Cardinals finally reach trade deal to move Arenado
After more than a year of attempts and with one agreed deal ultimately scuttled, the St. Louis Cardinals finally found a match for third baseman Nolan Arenado on Tuesday, agreeing to a deal which would send him to the Arizona Diamondbacks.
The teams confirmed the trade, which brings right-handed pitcher Jack Martinez to St. Louis and sends cash with Arenado to Arizona.
Nick Piecoro of the Arizona Republic reported that the Diamondbacks would cover $5 million of the $27 million due to Arenado in 2026 and $6 million of the $15 million due to him in 2027.
“We are grateful for Nolan’s five years as a Cardinal, on and off the field — for his drive, his competitiveness, and for all of the memories he gave us,” stated Cardinals President of Baseball Operations Chaim Bloom. “We wish Nolan and his family the very best as he continues with the next chapter of his great career.
“As we continue to move forward, we are pleased to add another intriguing pitching prospect to our organization, and excited for the opportunity this move creates for a number of our players to step up and further establish themselves at the big league level.”
Arenado, who will turn 35 just after the start of the upcoming season, was acquired prior to the 2021 season in a deal which saw the Cardinals make a significant financial commitment to one of the best defenders in the history of Major League Baseball, as well as a cornerstone offensive talent who would finish third in MVP voting in 2022, the last time the Cardinals reached the postseason.
Teamed with Paul Goldschmidt at first base, Arenado was targeted as an elite finishing piece on a team which believed it could compete for a World Series championship. They reached the playoffs in each of his first two seasons as a Cardinal but did not win a game either year, building upon an ongoing competitive frustration which has developed into a full-on rebuilding posture.
Arenado won the two most recent of his ten consecutive Gold Gloves as a Cardinal. His 118 homers in St. Louis rank second in franchise history among primary third basemen, trailing only Ken Boyer.
In acquiring Arenado, the Cardinals received a significant cash payout from the Colorado Rockies amortized over the length of the deal. The final $5 million payment is due this coming season, and all told, the result is a net $37 million in financial commitment the team had to Arenado over the last two years of his contract. That sum, given the downturn in his offensive output in recent seasons, was a significant barrier to completing a trade, and the Cardinals anticipated sending a significant sum to a trade partner to offset some of that obligation.
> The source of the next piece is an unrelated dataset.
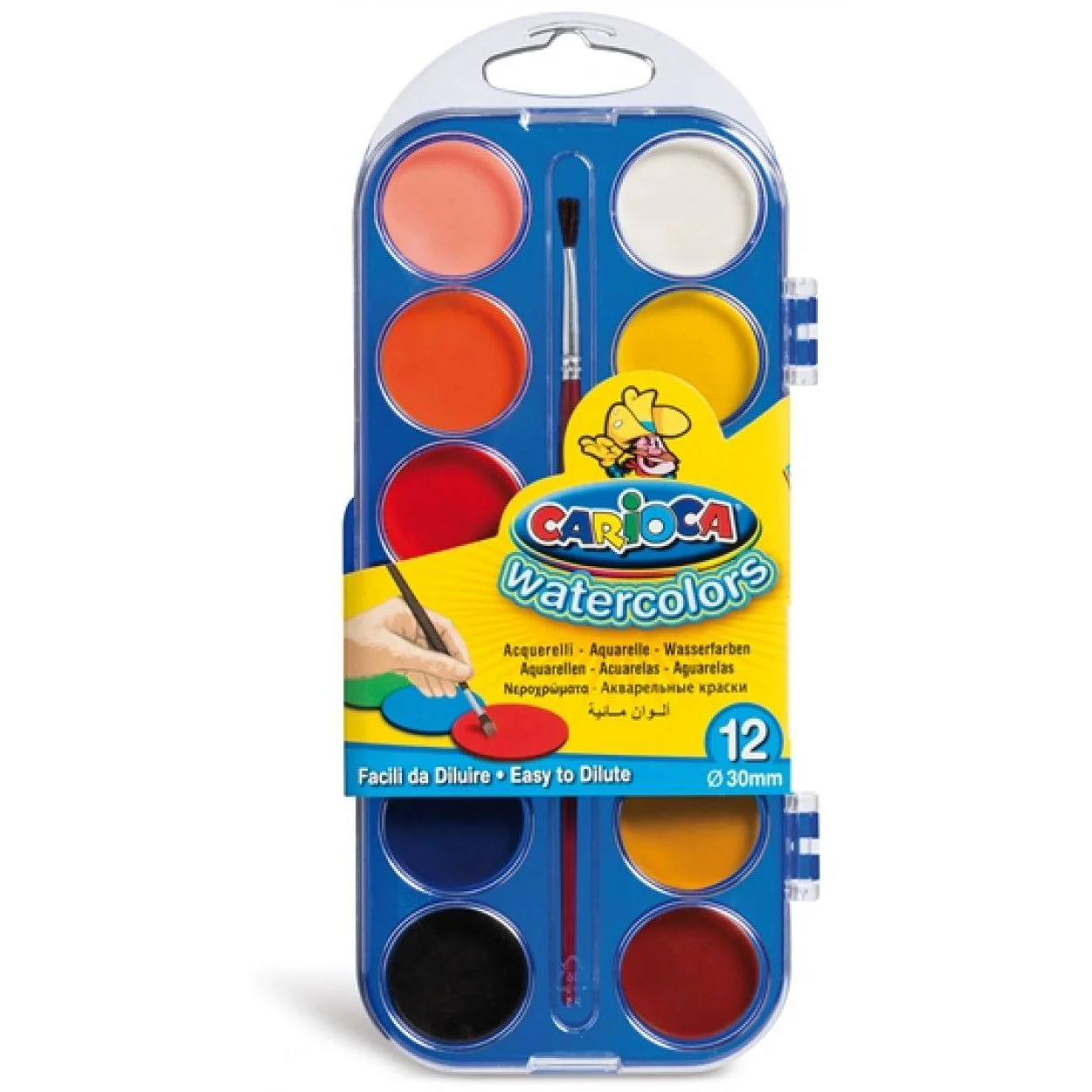 Carioca Watercolors. Larghezza scatola principale: 41 cm, Lunghezza del cartone principale: 47,5 cm, Altezza scatola principale: 23,5 cm WatercolorsnColori in pastiglia brillanti e facilmente miscelabili tra loro, consentono di ottenere infinite sfumature.

After former president of baseball operations John Mozeliak identified trading Arenado as “priority one, two and three” ahead of the 2025 season, an agreed upon deal with the Houston Astros was scuttled when Arenado exercised his no-trade protection. No further deals emerged throughout winter and spring, and Arenado played out an injury-marred season, at the end of which he acknowledged that his timeline and that of the team were divergent in a way that made a trade the best possible outcome.
“I think this team, this organization needs to go a different route with the way they go about their business,” Arenado said in September. “They’ve got to let some of these young guys grow and become players and see what they have. There’s no doubt that I’m in the way of that. So I don’t know what’s going to happen, but obviously I do believe that change is coming.”
This move does indeed open up those pathways, creating a vacancy at third base that’s likely to be primarily filled by some combination of Nolan Gorman and JJ Wetherholt. Wetherholt likely will slot in as the team’s everyday second baseman, assuming he wins a job in spring, but could play third if a trade of Brendan Donovan is not completed.
Martinez, who turns 23 in March, did not pitch in the Diamondbacks system last year after being drafted, which is typical for a collegiate starter with a full year’s workload. Listed at 6’4” and 215 pounds, he fits the pattern of large-bodied righty starters the Cardinals have pursued in trades this winter.
Arenado joins Willson Contreras and Sonny Gray as significant veterans who have been shipped out of St. Louis over the past several months. While Bloom has been reticent to use the term “rebuild” to describe the team’s current roster posture, there is no doubt that that is what the Cardinals are pursuing.
Many industry observers doubted whether the Cardinals would at all be able to find a trade partner for Arenado, given the burden of his contract, but Bloom consistently and bluntly denied that the team was considering granting him his release. Instead, the completion of this move sends Arenado back to the NL West, where he began his career. It also opens up the possibility of a reunion with Goldschmidt, who has long been rumored to be considering a reunion with his former team in Arizona.
For the Cardinals, the deal represents the disappointing end to one of the most electric open chapters written about the Cardinals in the past decade. It is a closed book on an era which will ultimately be defined by its disappointments, and authors in ink a new start under a new stewardship.